Ooh, old Hix, he'll like that :lol:


----------



## JasonL (Sep 10, 2008)

I'm 35 today...yay for me...


----------



## Duke (Sep 10, 2008)

JasonL said:


> I'm 35 today...yay for me...


Engadine Bowlo? 15 minutes?


----------



## bundy_zigg (Sep 10, 2008)

HAPPY BIRTHDAY JasonL  !! 

30 is the new 21!!!


----------



## Kyro (Sep 10, 2008)

Happy Bithday Jas, I'm 33


----------



## LullabyLizard (Sep 10, 2008)

JasonL said:


> I'm 35 today...yay for me...



Happy Birthday!


----------



## i_LoVe_AnImAlS (Sep 10, 2008)

hi i know this has nothing to do with it but how do you make polls like this one


----------



## i_LoVe_AnImAlS (Sep 10, 2008)

and by the way happy birthday


----------



## guff_man (Sep 10, 2008)

20 for me, 21 in 4 weeks


----------



## Brigsy (Sep 10, 2008)

29!!!! yes i said it out loud. Freakin me out a bit


----------



## Leigh (Sep 10, 2008)

Hetty's 21, JasonL 35, you're all so OLD!!


----------



## Rocky (Sep 10, 2008)

I am 12, turning 13 in January. I noticed once i put my age away from viewing eyes i have gotten a lot more respect. Good times


----------



## Hetty (Sep 10, 2008)

Leigh said:


> Hetty's 21, JasonL 35, you're all so OLD!!

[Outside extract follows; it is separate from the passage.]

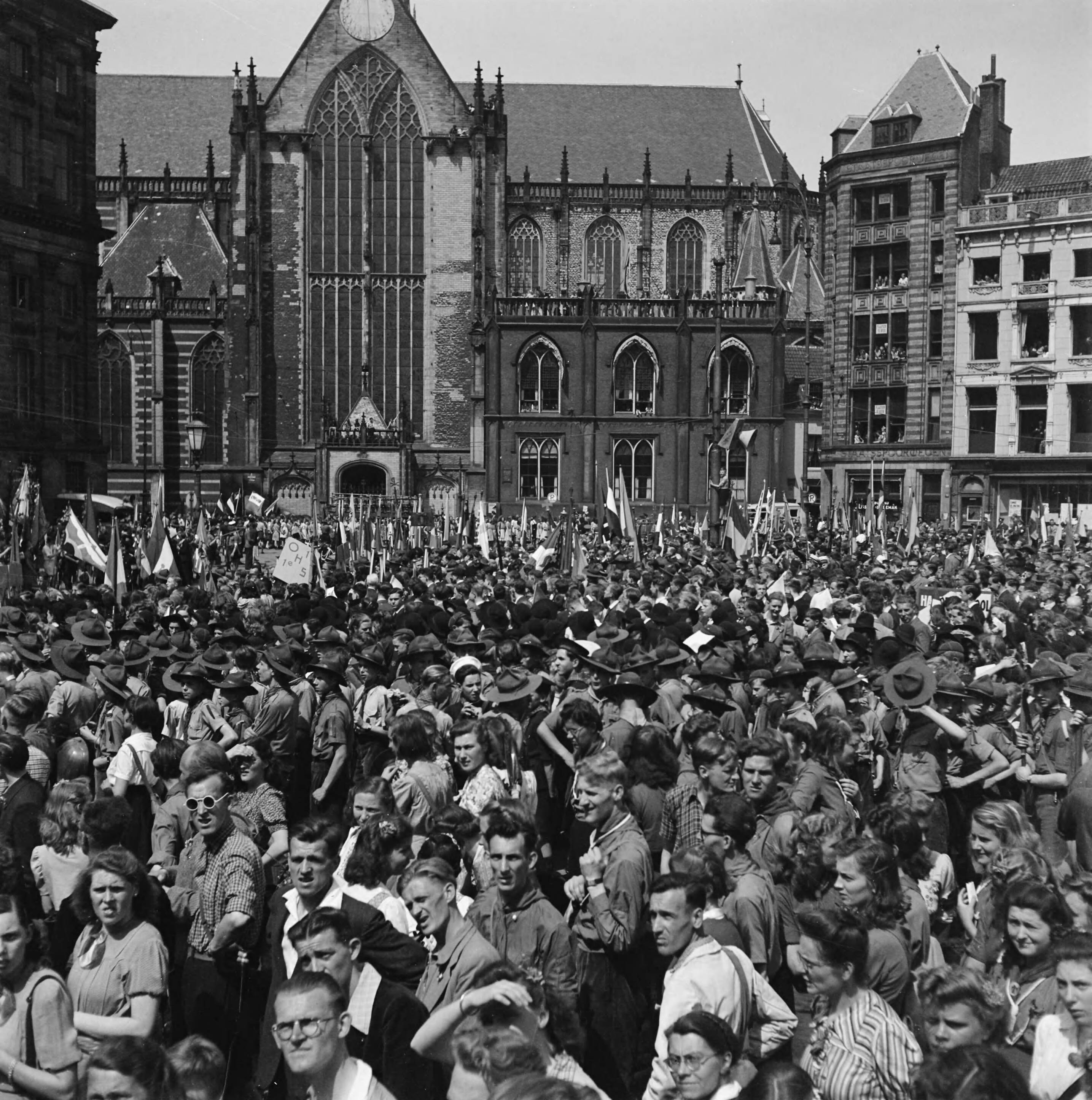 Jeugddemonstratie op de Dam te Amsterdam. Grote menigte op de Dam te Amsterdam

You're getting older every day. Before you know it, you'll be 30. Haha!


----------



## nuthn2do (Sep 10, 2008)

F f f f f f for for fort ........ forgot .... what was the question


----------



## salebrosus (Sep 10, 2008)

Happy Birthday Jason!


----------



## FAY (Sep 10, 2008)

Scared of turning 20, 30.....OMG!


----------



## cracksinthepitch (Sep 10, 2008)

36 years old, no grey hairs yet but wont be long.................Haha


----------



## melgalea (Sep 10, 2008)

i will be 27 in a couple of months. errrrr i miss being 21


----------



## Fester (Sep 10, 2008)

DanTheMan said:


> wow theres some people 60 or over that know how to use a computer!
> Could teach my grandparents a thing or two


 
We played with real computers back then! Like Vic 20, Atari, Amstrad, Commodore 64, Amiga, TRS 80 etc


----------



## reptilegirl_jordan (Sep 11, 2008)

well im 16..17 next week.woot.woot


----------



## frognut (Sep 15, 2008)

Happy Birthday Jason. Mine is in September too. A little older than you, 40 something just cant remember. (senior moment). What did you get for you birthday? More snakes


----------



## mrmikk (Sep 15, 2008)

Older than I want to be!


----------



## TrueBlue (Sep 15, 2008)

Hell im 47 and still no grey hairs, except for a few on my chin, and a full head of hair.
The missus is gravid atm too so im not doing to bad, still not shooting blanks.(although shes 10 years younger).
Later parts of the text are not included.